I think the reason these concepts took so long to come to the fruition we all know so well today is the hardware. Engelbart's demo wasn't conducted on a small cheap (i.e. high five figures vs high six) computer. Even though his NLS was easy to use, you'd best have a skilled engineer on hand in case the queue pdumped.

pm317 said...

The Drill SGT said.
---------------
You got it right. Without DARPA's visionary focus, we wouldn't be where we are today. Think ARPANet.

Clyde said...

Thank you, Dr. Engelbart. You're one of the people who made our lives a whole lot better, even if we didn't know it.
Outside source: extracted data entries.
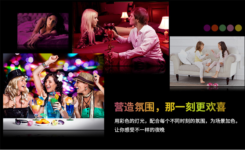 看电影的时候,情侣间约会的时候,朋友间聚会的时候,开香槟开part的时候,或者是一个人在家的时候,都可以根据你的场景来调节多种颜色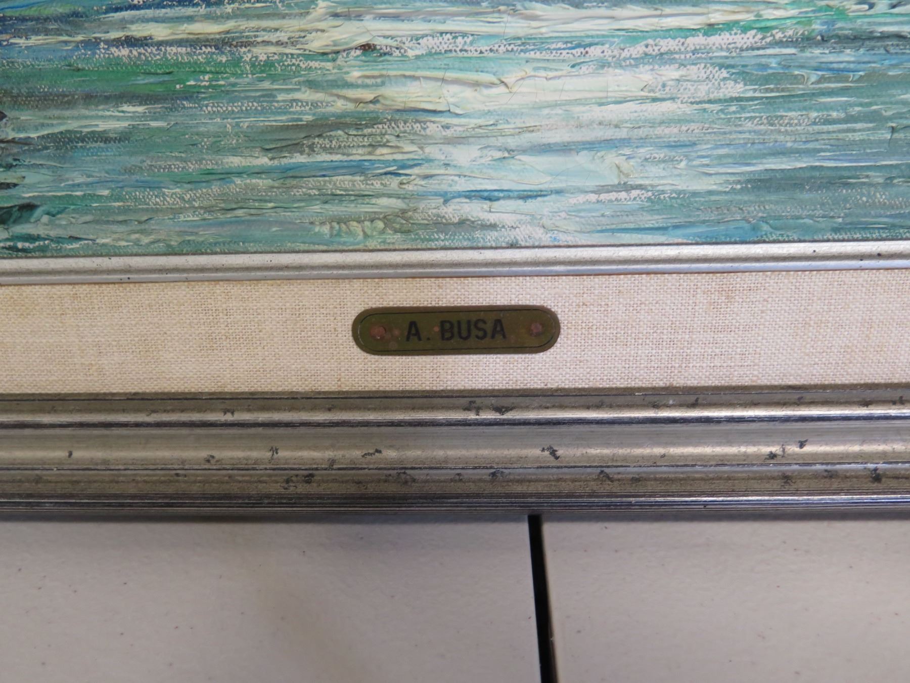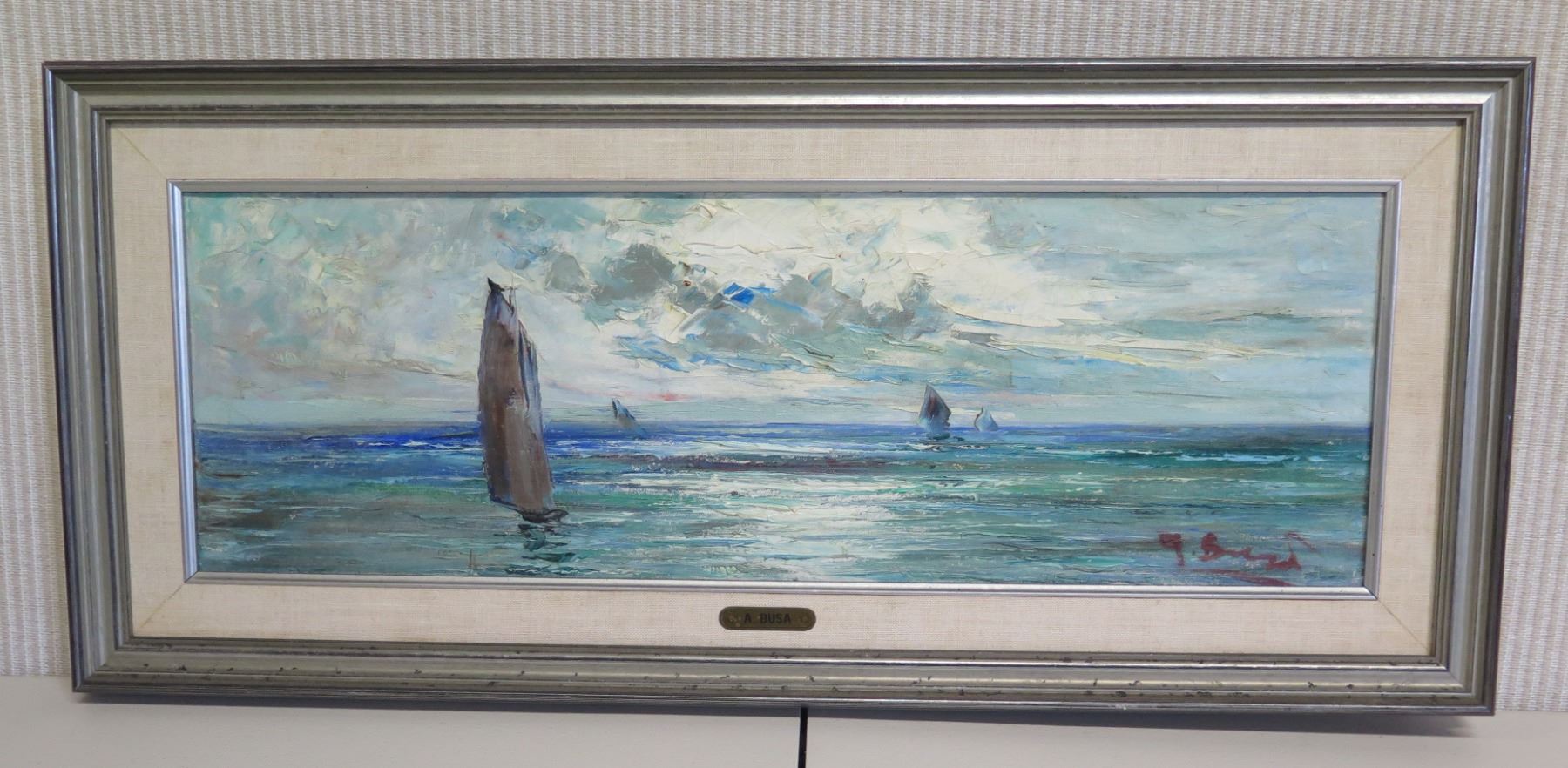 Evening Seascape Original Oil Painting, Signed A. Busa, Framed 28" x 13" (frame size)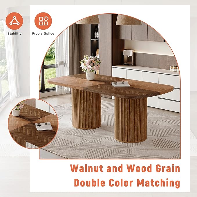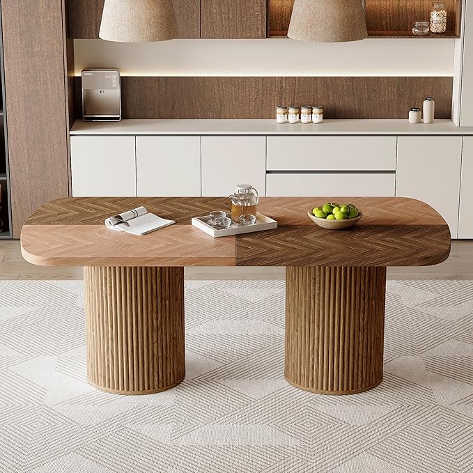 78.7" Extra Long Dining Table for 6-10 People, Farmhouse Kitchen Table with Cylindrical Fluted Bases, Modern Rectangular Dining Table for Dining Room, Kitchen, Living Room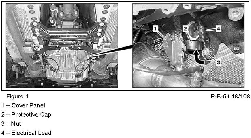 3) Disconnect starter cable harness on the vehicle under side from (F32) prefuse box (Figure 1, 3).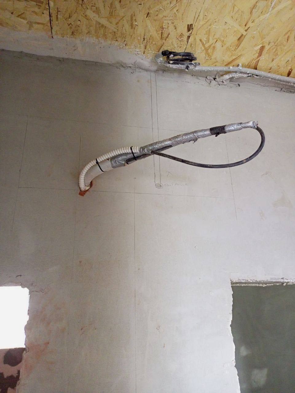 Штроба выполнена практически идеально, трасса заложена, кондиционер выбран приобретён и ждет на объекте довески как только строительные работы будут закончены.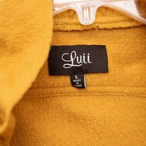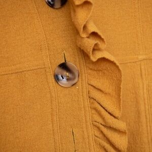 This boutique Anthropologie Luii 100% Wool Jacket is such a great find! It is a women's size Large, with a lot of stretch. It is soft and flexible, not stiff. The ruffles around the collar and down the front add such a sweet and feminine touch! The large buttons are a perfect accent. And let's face it, the mustard yellow color is AMAZING! This light weight coat is a very flattering fit! Great preowned condition!
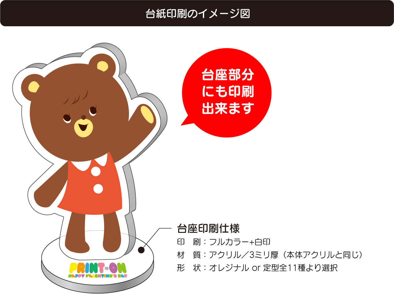 | 台座部分にフルカラー+白印刷で印刷出来ます。 台座のアクリル材質は本体と同じアクリルとなります。 台座部分にもフルカラー+白印刷で印刷が可能です。 対応するサイズの台座テンプレートをダウンロードして絵柄を描いて、本体データと一緒に入稿してください。 台座のアクリル材質は「選択された本体アクリルと同じ」ものを使用します。 ※サイズにより加算料金が変わります。 ※締切が1営業日加算されます。 |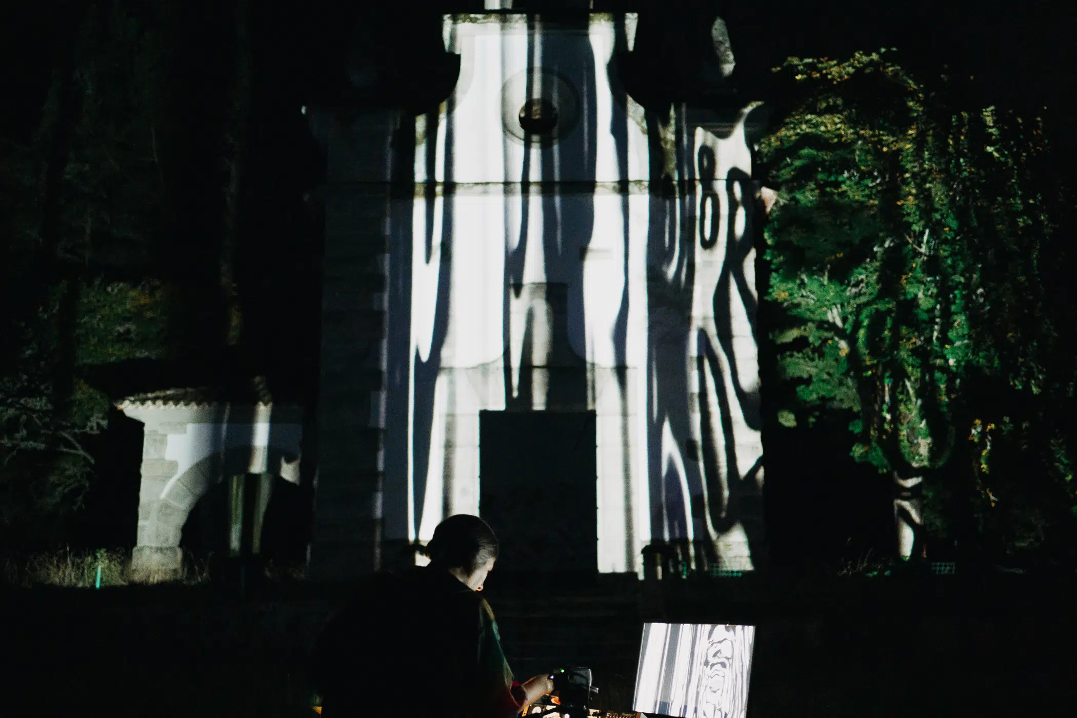 The Yugen Kala brothers, at the forefront of the international electronic avant-garde, together with the visual artist and programmer Marta Verde, deployed a set capable of turning music into a visible element, flowing from the San Cristovo swimming pool like a tsunami that flooded the facades and the natural environment of this corner of rural Galicia.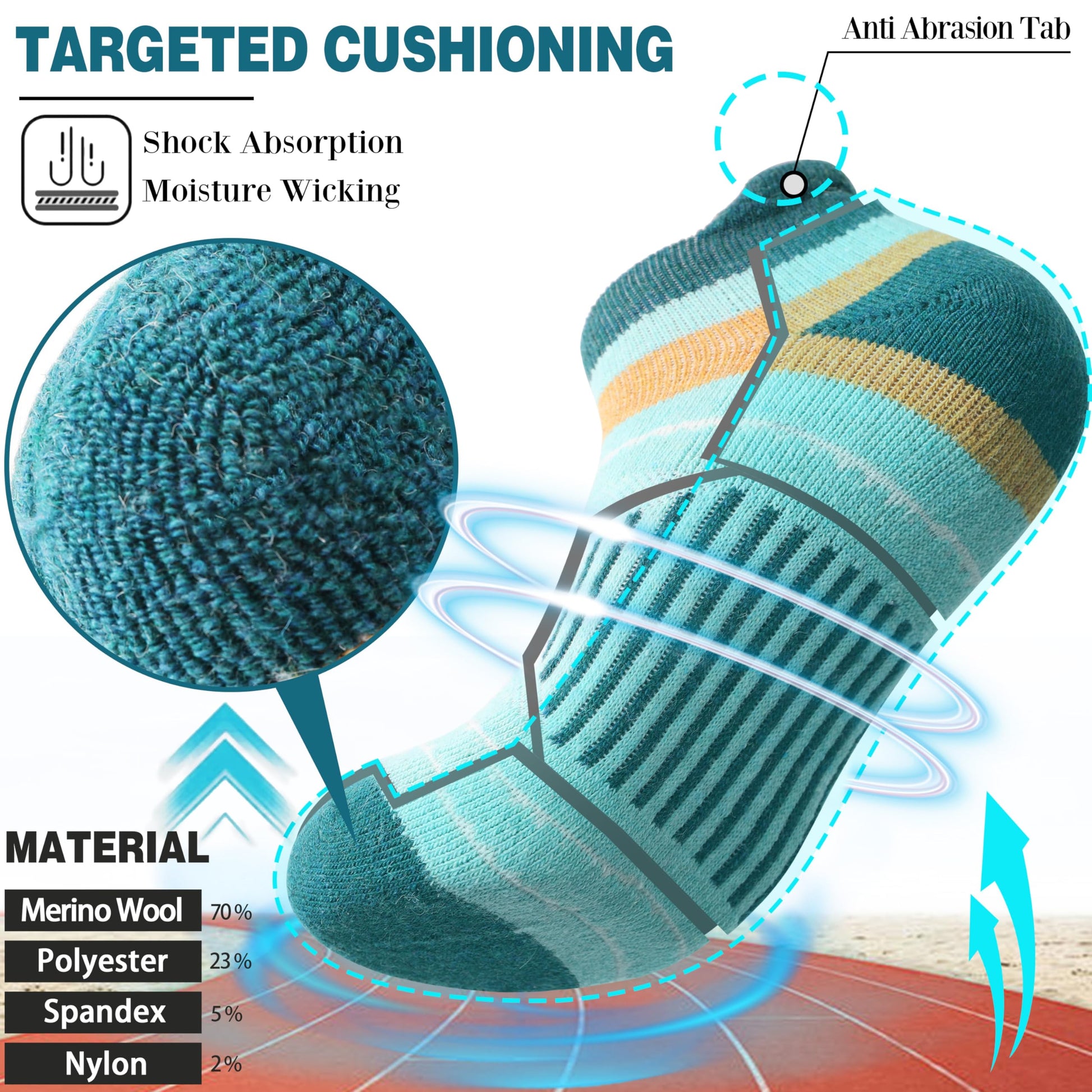 - SELECTED MATERIAL - These hiking ankle socks for women & men are made of 70% MERINO WOOL, 23% polyester, 5% spandex , 2% nylon. They can keep the temperature and warm up your feet in cold weather. And the premium merino wool has great odor resistant property.

Rest in peace. You've earned it.

Fred Drinkwater said...

Re: punch cards, I was using them on an IBM 360-65 in 1972, a 370-158VM in 74, and on a CDC 6400 at Berkeley in 75. By 1980, the undergrad CS was done on multiuser BSD UNIX running on DEC PDP 11-70 and VAX 11-780; no more punchcards. (The VAX 780 ran at (roughly) a blistering 1 MIPS (million instructions per second)). I have fond memories of a dual VAX 11-785 named Ernie KoVAX.

Re: Xerox PARC. At Adobe (1994), we said of PARC, "It's not so much a company, as a conspiracy to form new companies." Old Xerox folk would wonder aloud whether or not the toner-heads back east were running PARC that way on purpose, or out of ignorance.

madAsHell said...

We have some real technology nerds here.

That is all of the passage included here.